The exact distribution limits between several subspecies of the versicoloured emerald are poorly known, and, in addition to the coastal nominate, some other subspecies have been considered separate species, especially the blue-green emerald (C. (v.) rondoniae), also known as the Rondonia emerald. This was based on plumage and reported sympatry with C. versicolor (ssp?), but except for the blue to the head, C. v. rondoniae is very similar to C. v. nitidifrons, and any evidence for sympatry is lacking. It was therefore "de-listed" by the South American Classification Committee, and is now considered a subspecies of the versicolored emerald, with some even suggesting that rondoniae is entirely invalid.

This species was formerly placed in the genus Amazilia. A molecular phylogenetic study published in 2014 found that Amazilia was polyphyletic. In the revised classification to create monophyletic genera, the versicoloured emerald was moved to Chrysuronia.

== Description ==
It has a total length of 8–10 cm. The relatively long, slightly decurved bill is black with flesh-colored (occasionally orange) base to the lower mandible. The tail is coppery-green with a dark subterminal band. The upperparts and flanks are coppery-green. The central underparts and crissum (the undertail coverts surrounding the cloaca) are white. The color of the throat, face-sides and crown varies greatly both individually and depending on subspecies. The throat ranges from all greenish or turquoise (edged white in female) in inland nominate, nitidifrons and kubtcheki, to bluish in rondoniae and white (essentially a continuation of the white central underparts) in coastal nominate, hollandi and millerii. Most races have green face-sides and crown, but this is typically turquoise-blue or azure blue in hollandi and rondoniae.

==Distribution and habitat==
It occurs in northern Bolivia, eastern Paraguay, far north-eastern Argentina, and eastern, southern and central Brazil, being absent from the arid Caatinga and most of the Amazon Basin, although locally extending into this region in the south-east and along major rivers (e.g. the Amazon River and Rio Negro). A population, possibly disjunct (although exact distribution limits often are incompletely known in this part of Brazil), occurs in far north-western Brazil, southern Venezuela, western Guyana and eastern Colombia.

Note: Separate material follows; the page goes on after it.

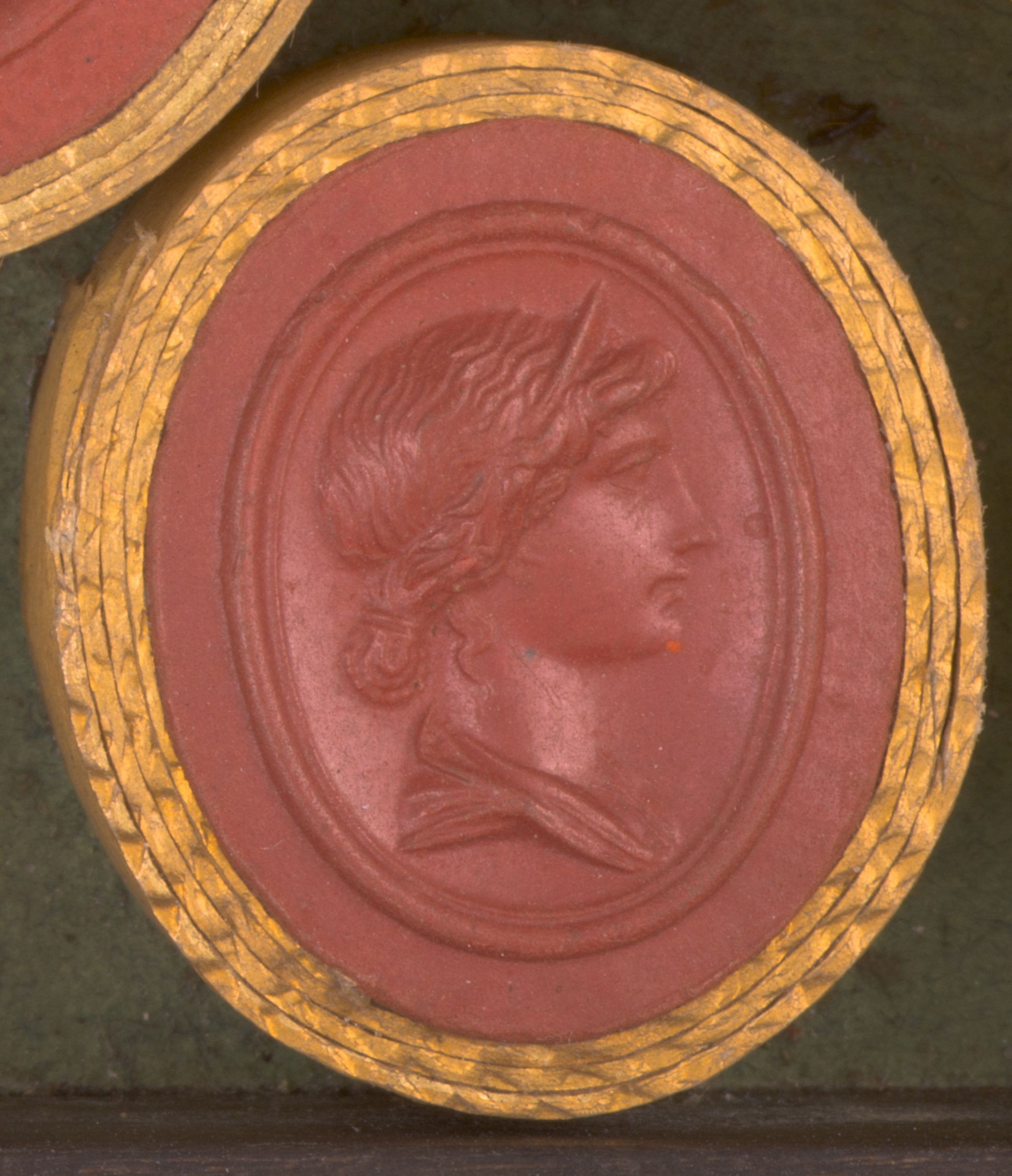 Na owalnym, wypukłym wycisku na wklęsłym tle, obwiedzionym wałkiem z uskokiem i marginesem przedstawiony jest prawy profil popiersia młodej kobiety, z włosami spiętymi wokół głowy w formie wałka, a z tyłu przy szyi upiętymi w koczek. We włosach widoczny jest diadem, a na ramionach fragment szaty.

It occurs in a wide range of semi-open habitats with some trees; even in urban areas. It generally avoids the interior of humid primary forest, and in regions where such habitats dominate, it mainly occurs in relatively open sections or along forest borders (e.g. the vicinity of major rivers). It is widespread, generally fairly common (more localized in the Amazon Basin) and possibly benefits from the widespread deforestation in tropical South America.